=== RECORDS PROVIDED ===

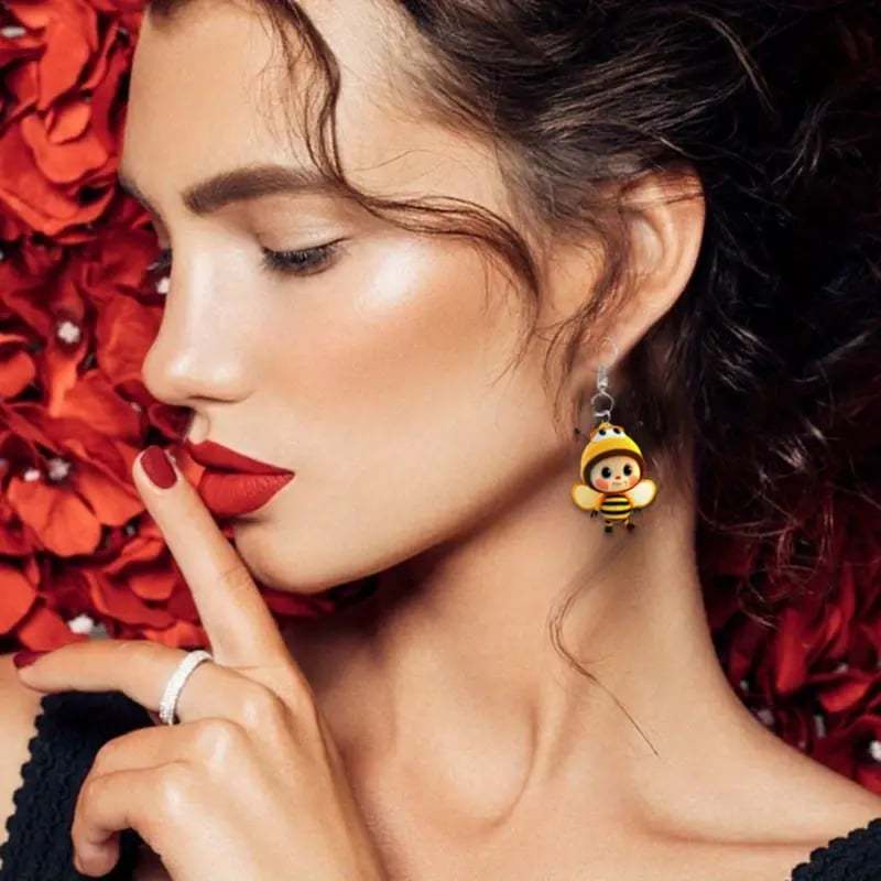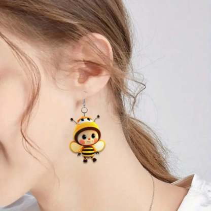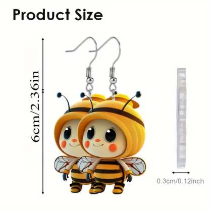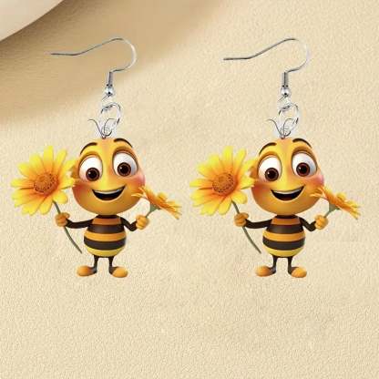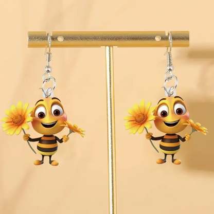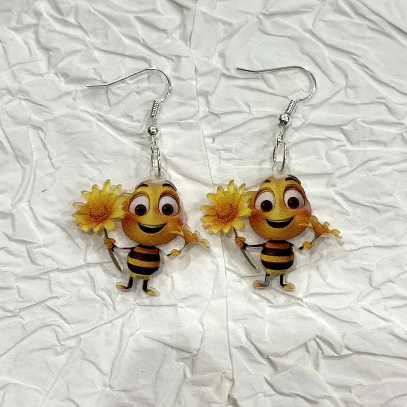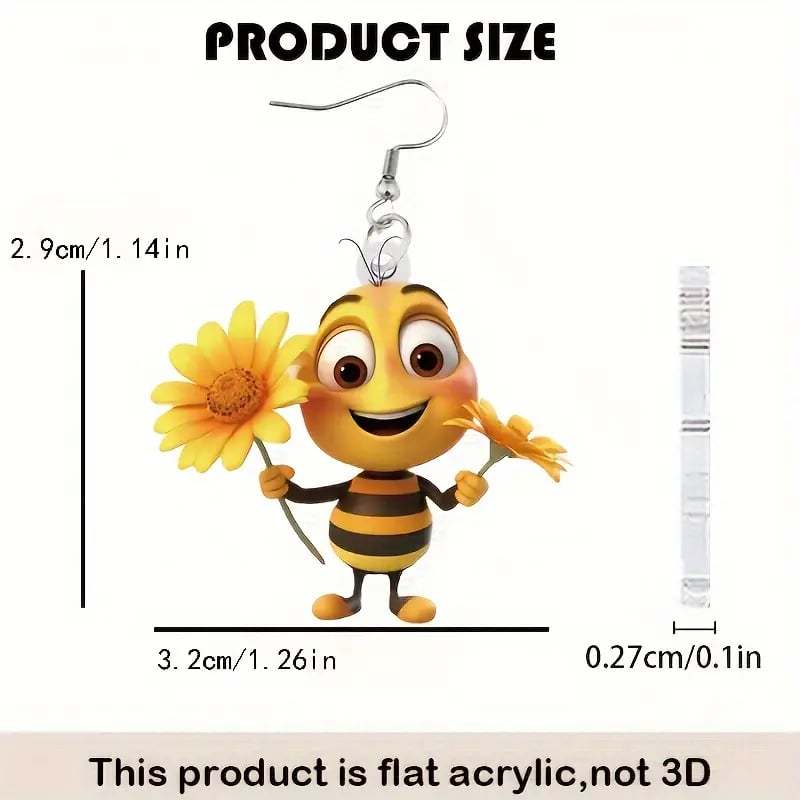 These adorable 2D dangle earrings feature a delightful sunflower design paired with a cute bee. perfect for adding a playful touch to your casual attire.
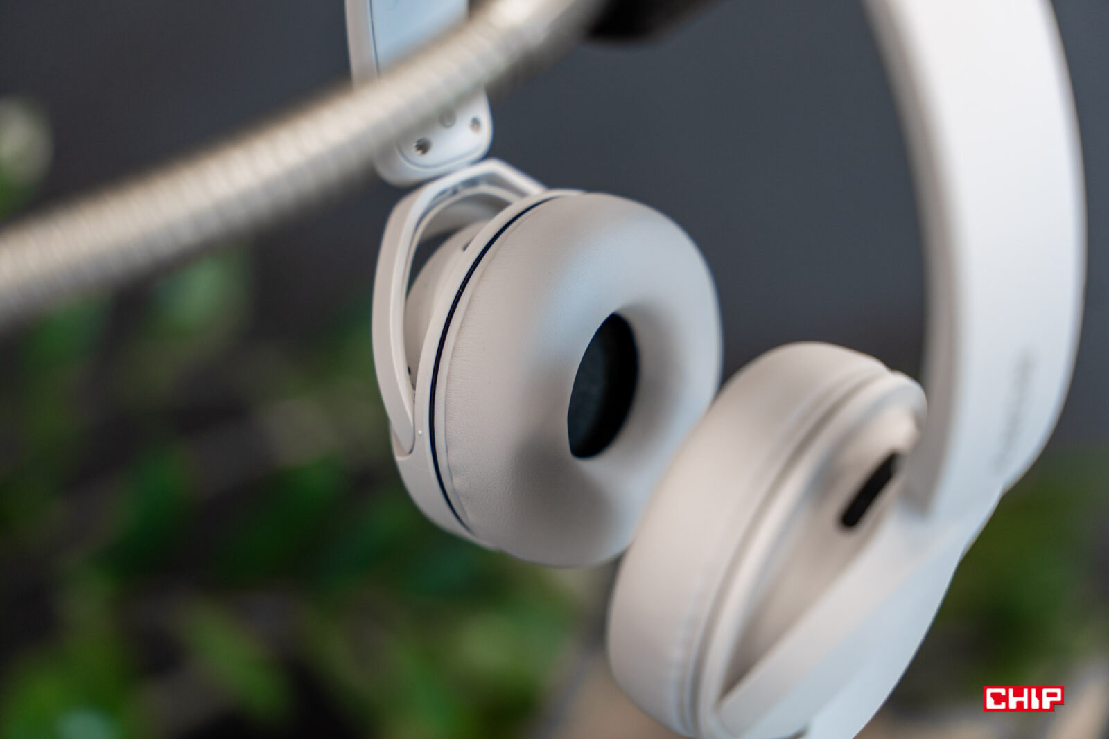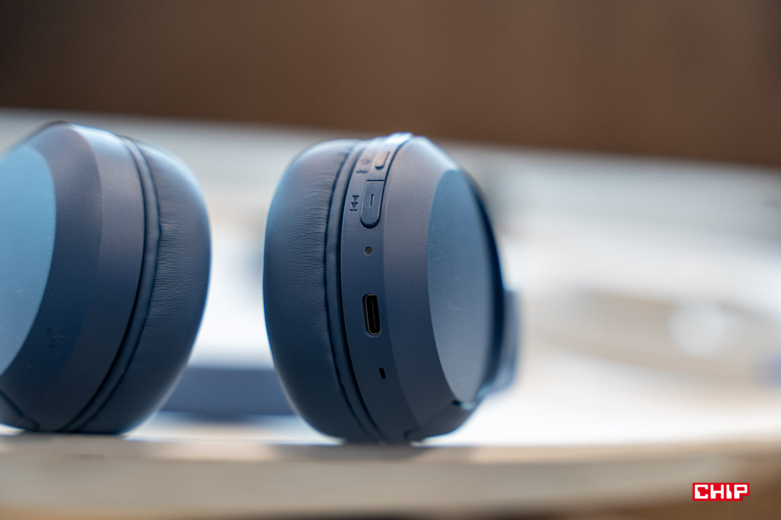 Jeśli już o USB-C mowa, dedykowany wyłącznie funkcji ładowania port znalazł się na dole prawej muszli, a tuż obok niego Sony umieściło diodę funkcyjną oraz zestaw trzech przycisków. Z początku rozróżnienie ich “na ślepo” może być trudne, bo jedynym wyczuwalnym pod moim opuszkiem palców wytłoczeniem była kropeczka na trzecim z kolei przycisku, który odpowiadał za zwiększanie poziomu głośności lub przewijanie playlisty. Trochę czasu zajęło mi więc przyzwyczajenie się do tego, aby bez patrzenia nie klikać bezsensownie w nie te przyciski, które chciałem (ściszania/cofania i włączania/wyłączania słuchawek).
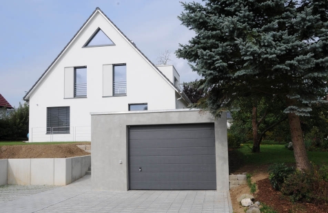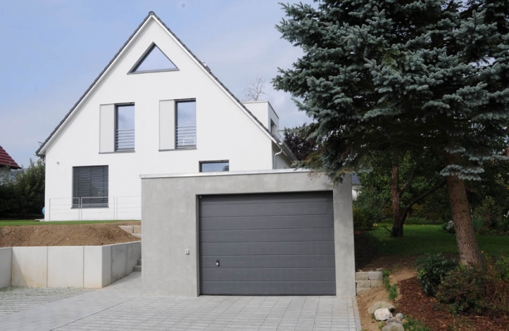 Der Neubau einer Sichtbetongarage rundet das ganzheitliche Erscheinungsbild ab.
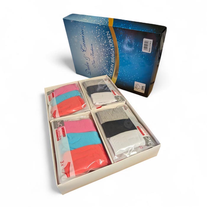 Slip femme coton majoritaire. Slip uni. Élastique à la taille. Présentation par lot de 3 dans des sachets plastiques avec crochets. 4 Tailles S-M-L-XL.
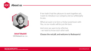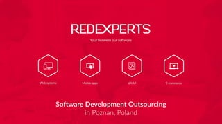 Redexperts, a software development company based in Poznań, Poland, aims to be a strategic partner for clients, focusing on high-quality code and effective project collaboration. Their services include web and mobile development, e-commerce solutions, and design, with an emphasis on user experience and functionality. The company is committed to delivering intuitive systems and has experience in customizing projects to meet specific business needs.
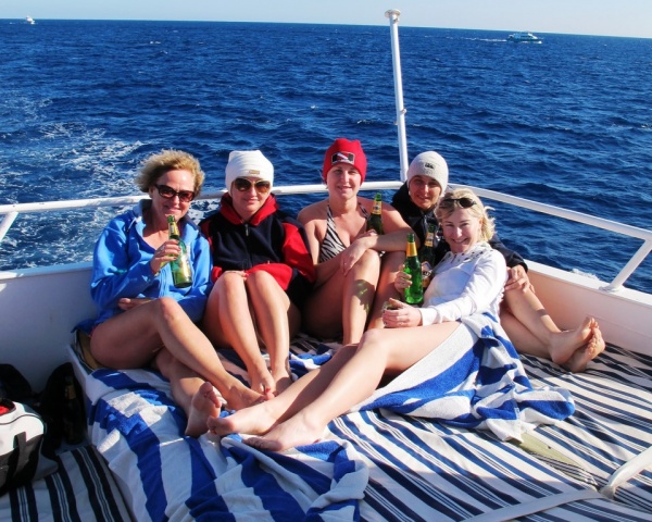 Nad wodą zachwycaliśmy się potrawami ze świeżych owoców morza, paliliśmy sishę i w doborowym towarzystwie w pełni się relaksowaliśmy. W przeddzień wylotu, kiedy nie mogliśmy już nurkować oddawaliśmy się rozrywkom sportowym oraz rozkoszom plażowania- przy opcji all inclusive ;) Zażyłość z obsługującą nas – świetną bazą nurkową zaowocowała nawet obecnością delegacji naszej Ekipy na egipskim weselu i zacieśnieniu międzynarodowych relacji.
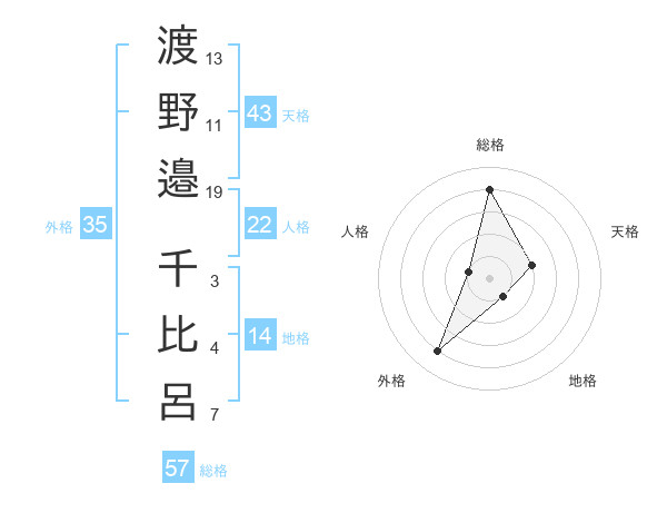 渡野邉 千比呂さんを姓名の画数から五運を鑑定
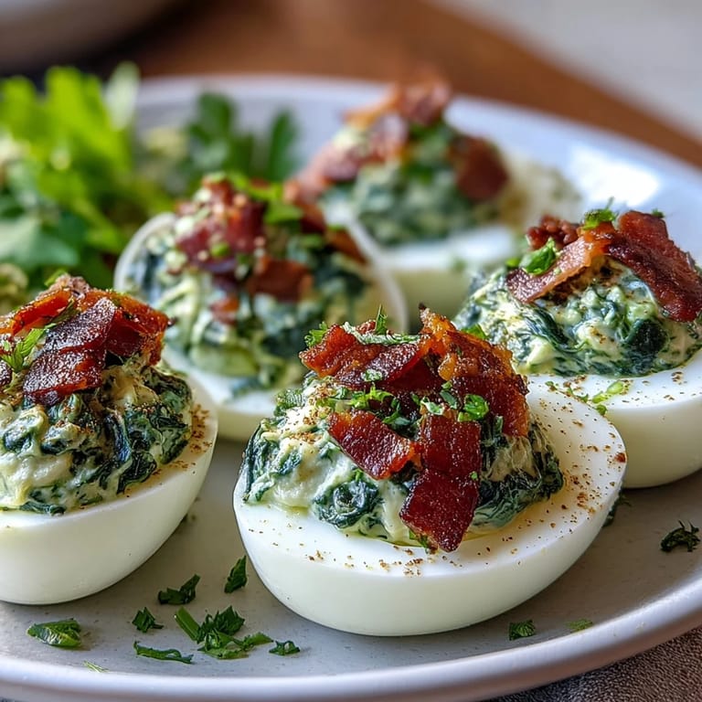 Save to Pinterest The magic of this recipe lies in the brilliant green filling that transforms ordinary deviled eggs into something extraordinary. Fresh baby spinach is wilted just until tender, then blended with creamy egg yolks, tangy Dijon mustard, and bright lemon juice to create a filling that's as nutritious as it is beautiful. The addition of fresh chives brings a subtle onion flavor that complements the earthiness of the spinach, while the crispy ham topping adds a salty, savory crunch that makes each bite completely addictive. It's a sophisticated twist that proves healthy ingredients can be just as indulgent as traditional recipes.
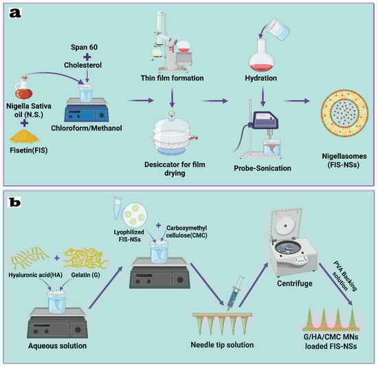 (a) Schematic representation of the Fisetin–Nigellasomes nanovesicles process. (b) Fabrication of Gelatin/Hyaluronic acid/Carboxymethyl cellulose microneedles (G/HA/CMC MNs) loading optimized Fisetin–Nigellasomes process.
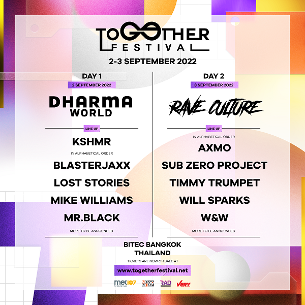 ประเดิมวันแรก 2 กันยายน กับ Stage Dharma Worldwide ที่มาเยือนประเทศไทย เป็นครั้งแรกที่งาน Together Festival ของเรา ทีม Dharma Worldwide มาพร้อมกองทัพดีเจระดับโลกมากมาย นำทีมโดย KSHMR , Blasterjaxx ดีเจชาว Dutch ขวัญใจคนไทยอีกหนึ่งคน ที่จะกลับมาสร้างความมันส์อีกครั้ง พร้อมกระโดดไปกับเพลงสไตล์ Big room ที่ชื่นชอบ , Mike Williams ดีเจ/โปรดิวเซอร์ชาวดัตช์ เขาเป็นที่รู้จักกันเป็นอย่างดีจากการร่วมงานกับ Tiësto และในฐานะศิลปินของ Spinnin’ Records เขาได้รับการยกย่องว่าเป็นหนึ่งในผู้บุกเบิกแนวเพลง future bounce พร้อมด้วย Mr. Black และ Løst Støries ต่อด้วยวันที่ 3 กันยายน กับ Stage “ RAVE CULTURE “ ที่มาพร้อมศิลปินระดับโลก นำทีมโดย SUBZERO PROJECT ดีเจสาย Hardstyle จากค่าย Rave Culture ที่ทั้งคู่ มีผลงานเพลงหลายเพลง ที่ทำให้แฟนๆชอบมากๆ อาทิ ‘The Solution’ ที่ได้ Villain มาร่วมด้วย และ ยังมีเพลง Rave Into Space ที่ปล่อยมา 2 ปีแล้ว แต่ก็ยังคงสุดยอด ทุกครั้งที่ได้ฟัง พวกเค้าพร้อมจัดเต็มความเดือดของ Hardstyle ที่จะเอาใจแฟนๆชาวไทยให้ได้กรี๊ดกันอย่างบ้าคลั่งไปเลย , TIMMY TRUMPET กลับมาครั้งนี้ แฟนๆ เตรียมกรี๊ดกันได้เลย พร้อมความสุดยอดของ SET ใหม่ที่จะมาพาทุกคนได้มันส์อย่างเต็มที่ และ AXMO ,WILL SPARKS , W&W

===

_TASK OBJECTIVE_.
In the copy, omit the pictures and reproduce every entry exactly.

_ANSWER SECTION_.
 These adorable 2D dangle earrings feature a delightful sunflower design paired with a cute bee. perfect for adding a playful touch to your casual attire.
 Jeśli już o USB-C mowa, dedykowany wyłącznie funkcji ładowania port znalazł się na dole prawej muszli, a tuż obok niego Sony umieściło diodę funkcyjną oraz zestaw trzech przycisków. Z początku rozróżnienie ich “na ślepo” może być trudne, bo jedynym wyczuwalnym pod moim opuszkiem palców wytłoczeniem była kropeczka na trzecim z kolei przycisku, który odpowiadał za zwiększanie poziomu głośności lub przewijanie playlisty. Trochę czasu zajęło mi więc przyzwyczajenie się do tego, aby bez patrzenia nie klikać bezsensownie w nie te przyciski, które chciałem (ściszania/cofania i włączania/wyłączania słuchawek).
 Der Neubau einer Sichtbetongarage rundet das ganzheitliche Erscheinungsbild ab.
 Slip femme coton majoritaire. Slip uni. Élastique à la taille. Présentation par lot de 3 dans des sachets plastiques avec crochets. 4 Tailles S-M-L-XL.
 Redexperts, a software development company based in Poznań, Poland, aims to be a strategic partner for clients, focusing on high-quality code and effective project collaboration. Their services include web and mobile development, e-commerce solutions, and design, with an emphasis on user experience and functionality. The company is committed to delivering intuitive systems and has experience in customizing projects to meet specific business needs.
 Nad wodą zachwycaliśmy się potrawami ze świeżych owoców morza, paliliśmy sishę i w doborowym towarzystwie w pełni się relaksowaliśmy. W przeddzień wylotu, kiedy nie mogliśmy już nurkować oddawaliśmy się rozrywkom sportowym oraz rozkoszom plażowania- przy opcji all inclusive ;) Zażyłość z obsługującą nas – świetną bazą nurkową zaowocowała nawet obecnością delegacji naszej Ekipy na egipskim weselu i zacieśnieniu międzynarodowych relacji.
 渡野邉 千比呂さんを姓名の画数から五運を鑑定
 Save to Pinterest The magic of this recipe lies in the brilliant green filling that transforms ordinary deviled eggs into something extraordinary. Fresh baby spinach is wilted just until tender, then blended with creamy egg yolks, tangy Dijon mustard, and bright lemon juice to create a filling that's as nutritious as it is beautiful. The addition of fresh chives brings a subtle onion flavor that complements the earthiness of the spinach, while the crispy ham topping adds a salty, savory crunch that makes each bite completely addictive. It's a sophisticated twist that proves healthy ingredients can be just as indulgent as traditional recipes.
 (a) Schematic representation of the Fisetin–Nigellasomes nanovesicles process. (b) Fabrication of Gelatin/Hyaluronic acid/Carboxymethyl cellulose microneedles (G/HA/CMC MNs) loading optimized Fisetin–Nigellasomes process.
 ประเดิมวันแรก 2 กันยายน กับ Stage Dharma Worldwide ที่มาเยือนประเทศไทย เป็นครั้งแรกที่งาน Together Festival ของเรา ทีม Dharma Worldwide มาพร้อมกองทัพดีเจระดับโลกมากมาย นำทีมโดย KSHMR , Blasterjaxx ดีเจชาว Dutch ขวัญใจคนไทยอีกหนึ่งคน ที่จะกลับมาสร้างความมันส์อีกครั้ง พร้อมกระโดดไปกับเพลงสไตล์ Big room ที่ชื่นชอบ , Mike Williams ดีเจ/โปรดิวเซอร์ชาวดัตช์ เขาเป็นที่รู้จักกันเป็นอย่างดีจากการร่วมงานกับ Tiësto และในฐานะศิลปินของ Spinnin’ Records เขาได้รับการยกย่องว่าเป็นหนึ่งในผู้บุกเบิกแนวเพลง future bounce พร้อมด้วย Mr. Black และ Løst Støries ต่อด้วยวันที่ 3 กันยายน กับ Stage “ RAVE CULTURE “ ที่มาพร้อมศิลปินระดับโลก นำทีมโดย SUBZERO PROJECT ดีเจสาย Hardstyle จากค่าย Rave Culture ที่ทั้งคู่ มีผลงานเพลงหลายเพลง ที่ทำให้แฟนๆชอบมากๆ อาทิ ‘The Solution’ ที่ได้ Villain มาร่วมด้วย และ ยังมีเพลง Rave Into Space ที่ปล่อยมา 2 ปีแล้ว แต่ก็ยังคงสุดยอด ทุกครั้งที่ได้ฟัง พวกเค้าพร้อมจัดเต็มความเดือดของ Hardstyle ที่จะเอาใจแฟนๆชาวไทยให้ได้กรี๊ดกันอย่างบ้าคลั่งไปเลย , TIMMY TRUMPET กลับมาครั้งนี้ แฟนๆ เตรียมกรี๊ดกันได้เลย พร้อมความสุดยอดของ SET ใหม่ที่จะมาพาทุกคนได้มันส์อย่างเต็มที่ และ AXMO ,WILL SPARKS , W&W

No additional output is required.